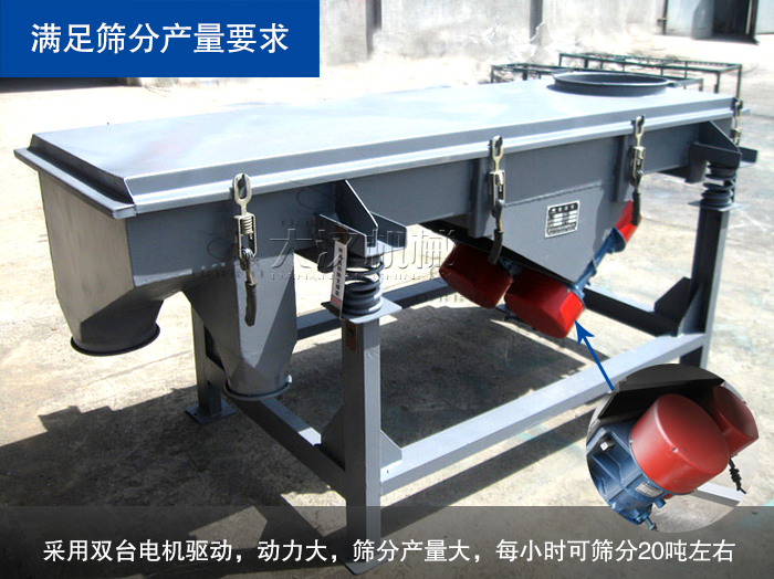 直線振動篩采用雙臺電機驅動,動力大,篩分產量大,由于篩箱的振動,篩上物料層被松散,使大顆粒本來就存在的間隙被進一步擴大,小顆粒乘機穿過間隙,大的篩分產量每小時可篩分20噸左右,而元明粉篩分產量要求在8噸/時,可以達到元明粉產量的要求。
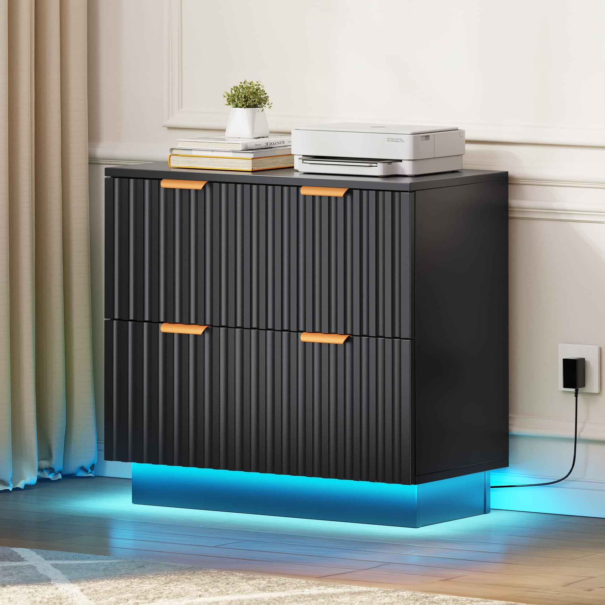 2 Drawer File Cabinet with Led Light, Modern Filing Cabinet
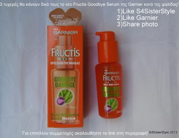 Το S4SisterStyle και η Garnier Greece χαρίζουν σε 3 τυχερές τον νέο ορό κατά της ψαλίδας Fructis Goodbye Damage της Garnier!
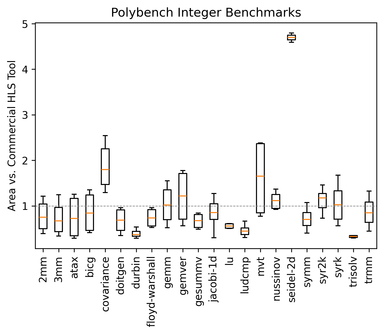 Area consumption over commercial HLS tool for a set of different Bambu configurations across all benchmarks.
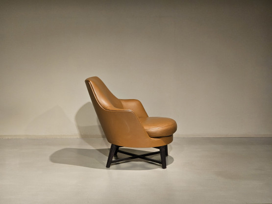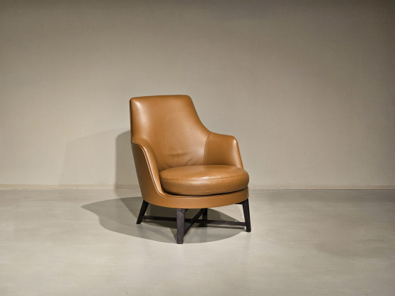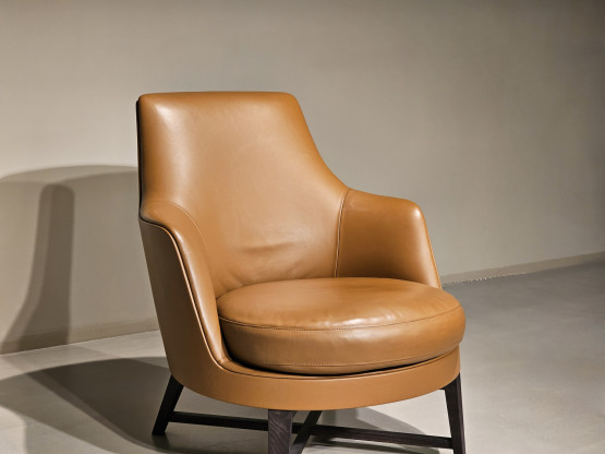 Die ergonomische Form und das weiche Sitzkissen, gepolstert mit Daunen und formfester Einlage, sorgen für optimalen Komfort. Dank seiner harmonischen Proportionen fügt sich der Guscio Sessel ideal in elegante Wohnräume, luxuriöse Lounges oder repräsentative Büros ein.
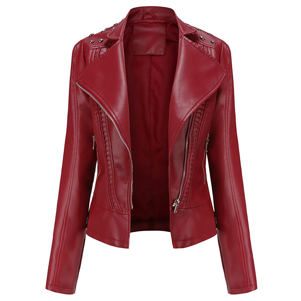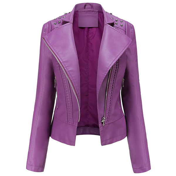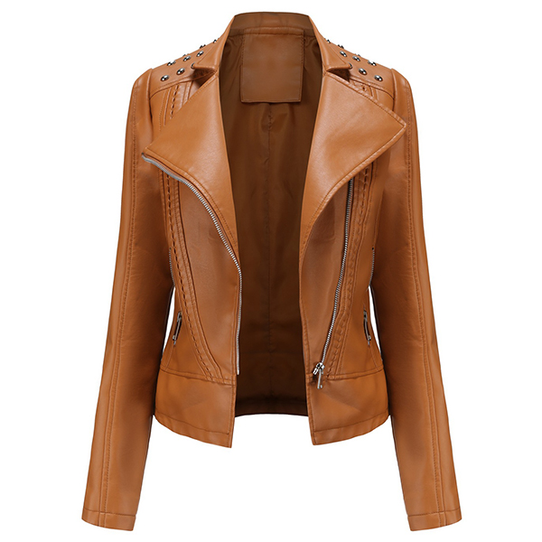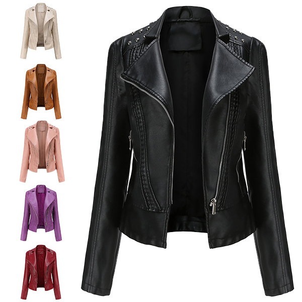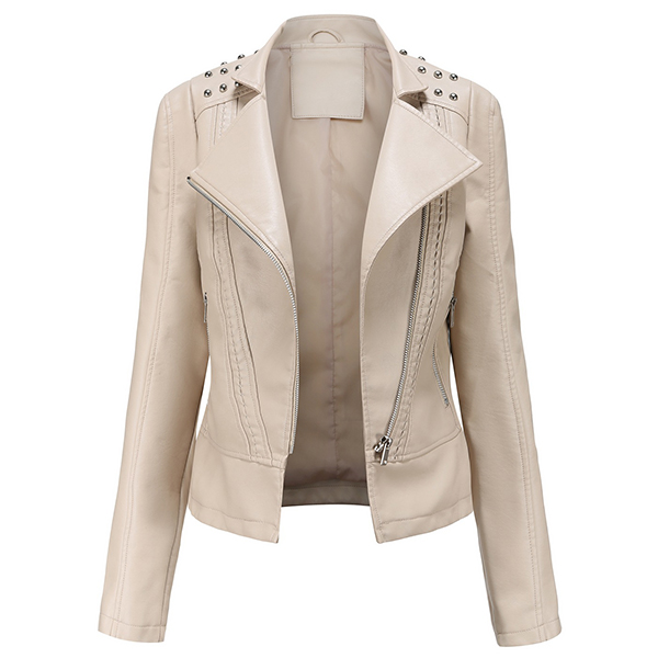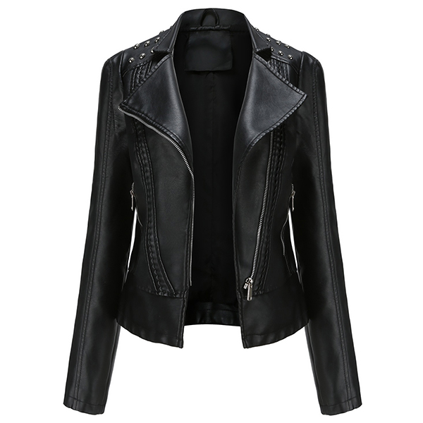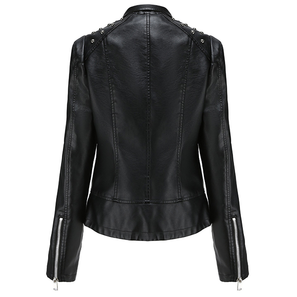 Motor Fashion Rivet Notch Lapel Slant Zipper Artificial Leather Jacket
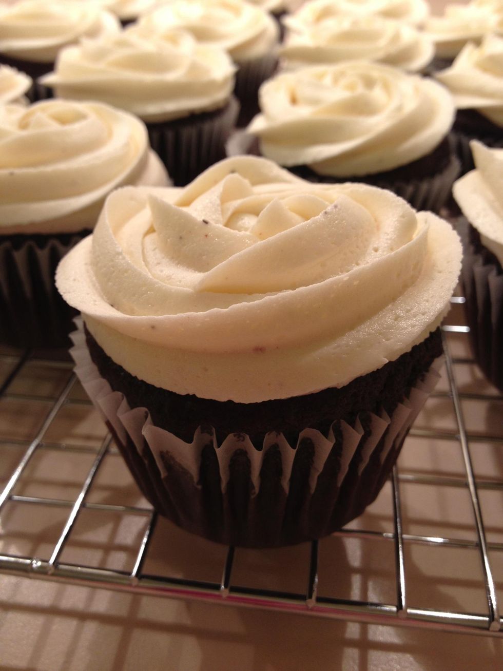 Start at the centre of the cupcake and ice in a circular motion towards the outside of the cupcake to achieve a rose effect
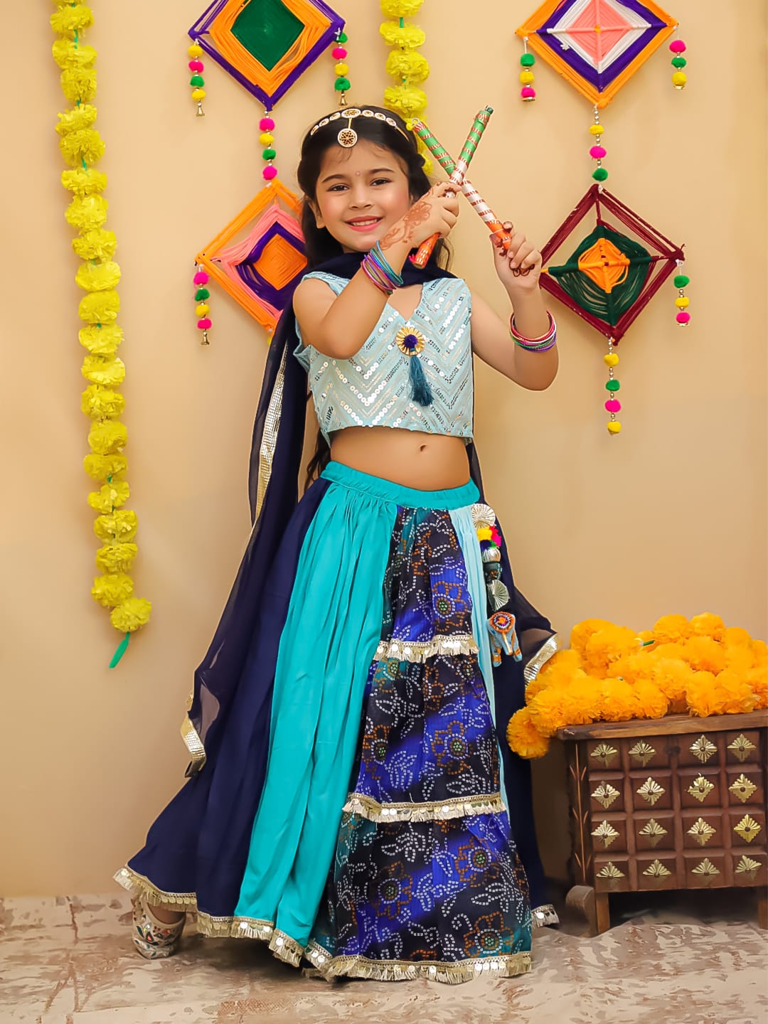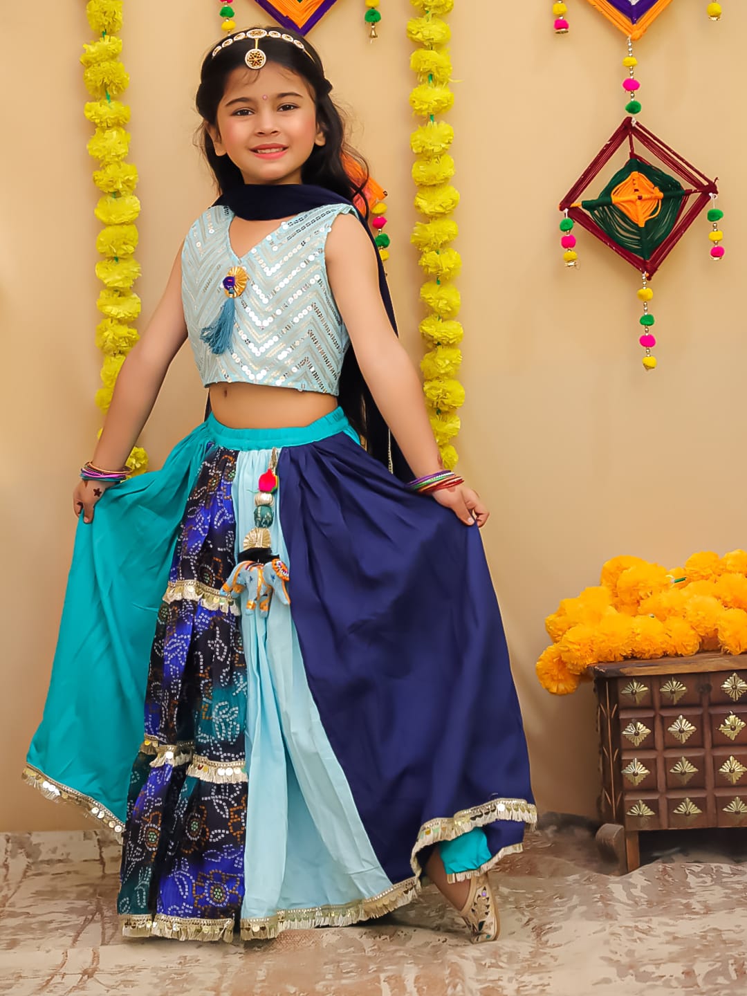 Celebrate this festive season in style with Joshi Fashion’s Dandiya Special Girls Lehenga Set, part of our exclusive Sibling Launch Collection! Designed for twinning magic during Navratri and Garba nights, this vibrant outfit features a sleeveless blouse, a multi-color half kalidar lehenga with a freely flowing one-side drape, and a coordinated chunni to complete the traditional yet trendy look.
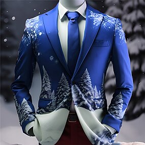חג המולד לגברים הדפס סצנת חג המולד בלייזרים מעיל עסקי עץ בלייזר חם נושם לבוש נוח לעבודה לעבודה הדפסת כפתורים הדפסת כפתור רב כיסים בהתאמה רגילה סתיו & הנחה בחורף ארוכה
_ _ _
> [Work to complete] Transcribe every line of the records exactly. Pictures do not belong in the copy.

> [Response below]
 直線振動篩采用雙臺電機驅動,動力大,篩分產量大,由于篩箱的振動,篩上物料層被松散,使大顆粒本來就存在的間隙被進一步擴大,小顆粒乘機穿過間隙,大的篩分產量每小時可篩分20噸左右,而元明粉篩分產量要求在8噸/時,可以達到元明粉產量的要求。
 2 Drawer File Cabinet with Led Light, Modern Filing Cabinet
 Το S4SisterStyle και η Garnier Greece χαρίζουν σε 3 τυχερές τον νέο ορό κατά της ψαλίδας Fructis Goodbye Damage της Garnier!
 Area consumption over commercial HLS tool for a set of different Bambu configurations across all benchmarks.
 Die ergonomische Form und das weiche Sitzkissen, gepolstert mit Daunen und formfester Einlage, sorgen für optimalen Komfort. Dank seiner harmonischen Proportionen fügt sich der Guscio Sessel ideal in elegante Wohnräume, luxuriöse Lounges oder repräsentative Büros ein.
 Motor Fashion Rivet Notch Lapel Slant Zipper Artificial Leather Jacket
 Start at the centre of the cupcake and ice in a circular motion towards the outside of the cupcake to achieve a rose effect
 Celebrate this festive season in style with Joshi Fashion’s Dandiya Special Girls Lehenga Set, part of our exclusive Sibling Launch Collection! Designed for twinning magic during Navratri and Garba nights, this vibrant outfit features a sleeveless blouse, a multi-color half kalidar lehenga with a freely flowing one-side drape, and a coordinated chunni to complete the traditional yet trendy look.
חג המולד לגברים הדפס סצנת חג המולד בלייזרים מעיל עסקי עץ בלייזר חם נושם לבוש נוח לעבודה לעבודה הדפסת כפתורים הדפסת כפתור רב כיסים בהתאמה רגילה סתיו & הנחה בחורף ארוכה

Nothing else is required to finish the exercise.